__What needs to be done__: Only the pictures are to be omitted; everything else in the listing must be reproduced exactly.

__Data below__:

---

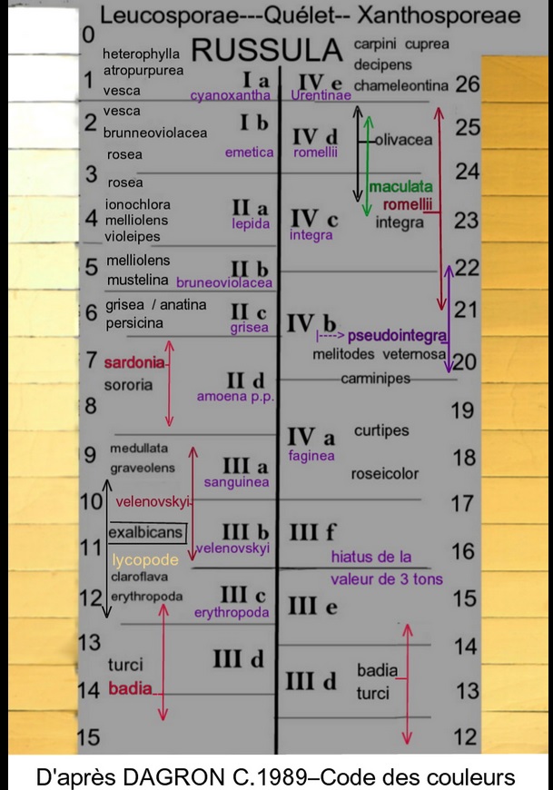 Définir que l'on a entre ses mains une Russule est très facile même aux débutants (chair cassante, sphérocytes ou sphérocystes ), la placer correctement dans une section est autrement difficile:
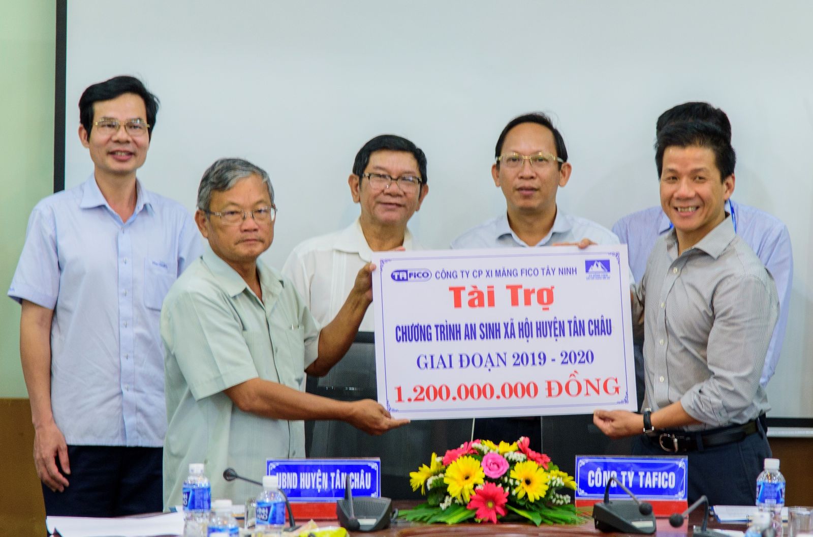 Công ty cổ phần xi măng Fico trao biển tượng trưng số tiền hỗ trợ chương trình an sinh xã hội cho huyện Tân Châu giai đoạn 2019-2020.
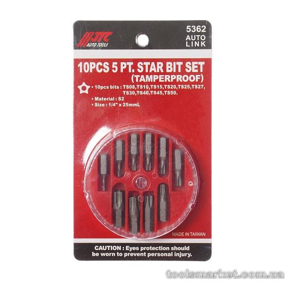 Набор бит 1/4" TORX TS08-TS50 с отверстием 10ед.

---

__Answer below__:
 Définir que l'on a entre ses mains une Russule est très facile même aux débutants (chair cassante, sphérocytes ou sphérocystes ), la placer correctement dans une section est autrement difficile:
 Công ty cổ phần xi măng Fico trao biển tượng trưng số tiền hỗ trợ chương trình an sinh xã hội cho huyện Tân Châu giai đoạn 2019-2020.
 Набор бит 1/4" TORX TS08-TS50 с отверстием 10ед.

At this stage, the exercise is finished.